Continuous-time PD controller in parallel form.


T =
 
     10 s + 300
  ----------------
  s^2 + 20 s + 320
 
Continuous-time transfer function.

This plot shows that the addition of the derivative term reduced both the overshoot and the settling time, and had a negligible effect on the rise time and the steady-state error.

Proportional-Integral Control

Before proceeding to PID control, let's investigate PI control. From the table, we see that the addition of integral control ( $K_i$ ) tends to decrease the rise time, increase both the overshoot and the settling time, and reduces the steady-state error.
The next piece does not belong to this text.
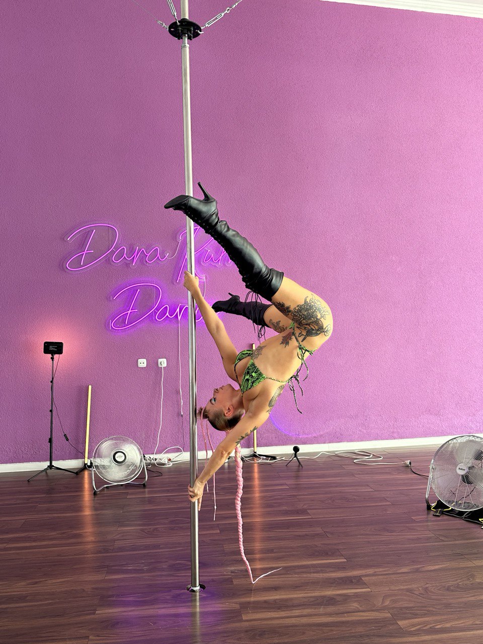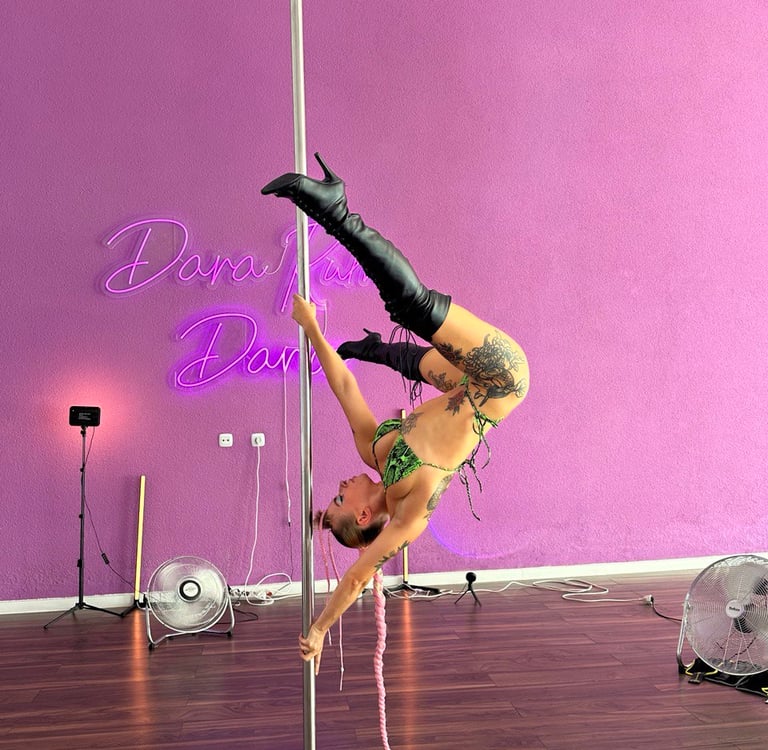 A nossa especialidade - exotic pole, dança sensual com pole. Aula com saltos durante a qual aprendemos a dançar com o pole e libertar o nosso lado sensual feminino. As nossas professoras dançam em todos os estilos de dança no pole exótico - old school, flow, hard e erótico. Comece com aulas marcadas como iniciantes ou aulas para todos os níveis. Nos grupos avançados, também combinamos dança com truques com saltos - truques exóticos - inversões, saltos, pinos, giros e outros exotic truques.

For the given system, the closed-loop transfer function with a PI controller is:

(9) $T(s) = \frac{X(s)}{R(s)} = \frac{K_p s + K_i}{s^3 + 10 s^2 + (20 + K_p )s + K_i}$

Let's reduce $K_p$ to 30, and let $K_i$ equal 70. Create a new m-file and enter the following commands.

Kp = 30;
Ki = 70;
C = pid (Kp, Ki)
T = feedback(C*P,1)

t = 0:0.01:2;
step(T,t)

C =
 
             1 
  Kp + Ki * ---
             s 

  with Kp = 30, Ki = 70
 
Continuous-time PI controller in parallel form.


T =
 
         30 s + 70
  ------------------------
  s^3 + 10 s^2 + 50 s + 70
 
Continuous-time transfer function.

Run this m-file in the MATLAB command window and you should generate the above plot. We have reduced the proportional gain ( $K_p$ ) because the integral controller also reduces the rise time and increases the overshoot as the proportional controller does (double effect). The above response shows that the integral controller eliminated the steady-state error in this case.

Proportional-Integral-Derivative Control

Now, let's examine PID control. The closed-loop transfer function of the given system with a PID controller is:

(10) $T(s) = \frac{X(s)}{R(s)} = \frac{K_d s^2 + K_p s + K_i}{s^3 + (10 + K_d)s^2 + (20 + K_p)s + K_i }$

After several iterations of tuning, the gains $K_p$ = 350, $K_i$ = 300, and $K_d$ = 50 provided the desired response. To confirm, enter the following commands to an m-file and run it in the command window. You should obtain the following step response.

Kp = 350;
Ki = 300;
Kd = 50;
C = pid(Kp,Ki,Kd)
T = feedback(C*P,1);

t = 0:0.01:2;
step(T,t)

C =
 
             1          
  Kp + Ki * --- + Kd * s
             s          

  with Kp = 350, Ki = 300, Kd = 50
 
Continuous-time PID controller in parallel form.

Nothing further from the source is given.